3. Improves Self-Esteem & Body Image. “You never regret a workout” is a popular motivational saying, and it’s quite true! The endorphin boost and sense of accomplishment attained post-workout improves self-worth. A combination of our physical gains (Think: more pronounced muscles, less body fat) and improved mood helps us feel better about ourselves.

4. Strengthens the Heart. Our cardiovascular system contains one of the most important muscles in the body, the heart. Just like the other muscles in the body, exercise improves the heart’s overall function and efficacy. When the cardiovascular system works efficiently, it provides more oxygen, nutrients and energy to your body throughout the day. If you’re feeling low in the middle of the workday, take a brief walk to get the heart pumping and blood flowing to boost your energy and performance.

5. Builds Stronger Bones. Our bones thin as we age, putting us at greater risk for osteoporosis and bone fractures that can reduce our quality of life. Weight-bearing (high- or low-impact) and muscle-strengthening exercises build and strengthen the bones as well as the muscles that surround them. Nonimpact exercises like yoga or tai chi can improve balance, posture and flexibility, which may reduce exercise-related injuries.

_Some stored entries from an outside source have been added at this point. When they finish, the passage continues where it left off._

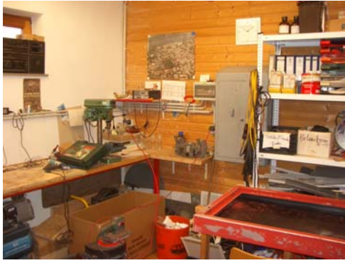
Abb. 39_ Werkstatt
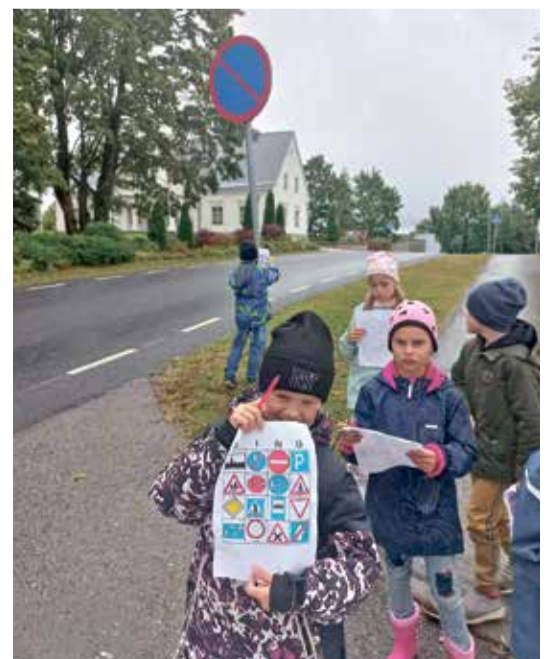
В школе Синимяэ чаще проводят занятия во дворе.
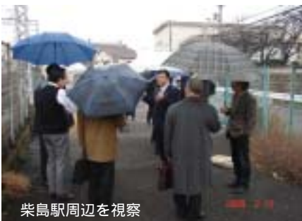
柴島駅周辺を視察

健康のため、駅まで徒歩で来ていただけるのが一番ですが、自転車をご利用の方は、是非 「駅前無料仮設駐輪場」をご利用ください!
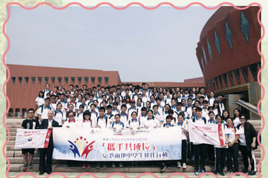
清華大學歷史檔案館合照
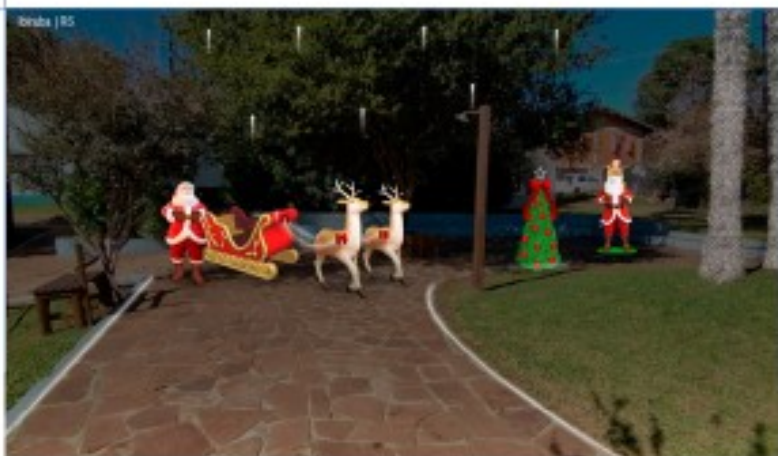
PRAÇA MARIA GORETI
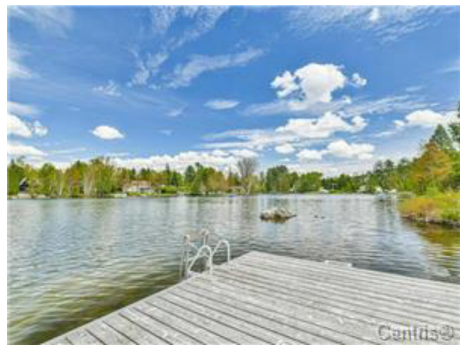
Bord de l'eau
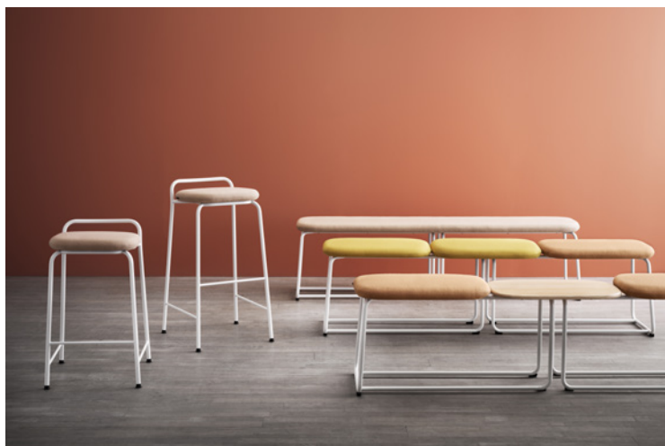
Soft Top by Brad Ascalon

Une nouvelle partie rectiligne offre encore plus de possibilités pour remodeler et étendre sans fin la colonne vertébrale ondulante. Avec ou sans dossier. Monochrome ou bigarré. Et désormais rectiligne ou ondulant. Avec le canapé à sections Spino, seule l'imagination fixe les limites. Au moins tant que la pièce le permet.
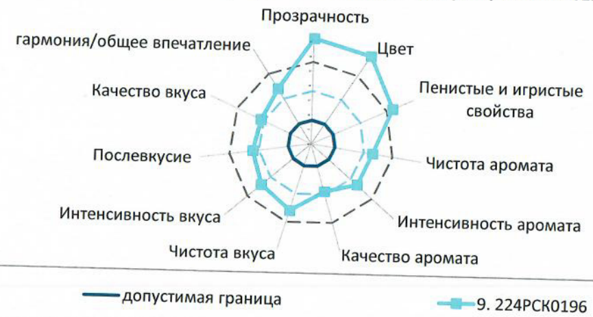
Рис. 1.3. Сравнение качества образцов вина игристого (дегустация 13.09.2021 1сет)

Протокол не может быть воспроизведен полностью или частично без письменного разрешения Руководителя Сенсорной лаборатории. Полученные результаты относятся к предоставленным Заказчиком образцам. Конец выписки из протокола.
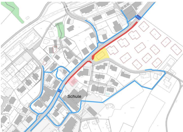
Etappe 2: Donnerstag 24.10.2024
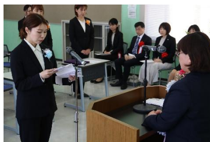
修了生代表の謝辞

6. Promotes Quality Sleep. Exercise has been shown to reset the circadian rhythm. After a workout, the body’s internal temperature returns to baseline and signals the brain that it’s time for sleep. Try to give yourself at least an hour or two to wind down post-exercise, otherwise those endorphins can keep you going!

7. Provides a Bonding Experience with Loved Ones. With everyone buried in technology these days, it’s nice to have a reason to get out and enjoy the real world with friends and family. Take a class, walk your dogs, play a sport or go for a jog with your workout partner. Having a network of friends also helps keep you on track. It’s much easier to come up with excuses when you only have yourself to rely on.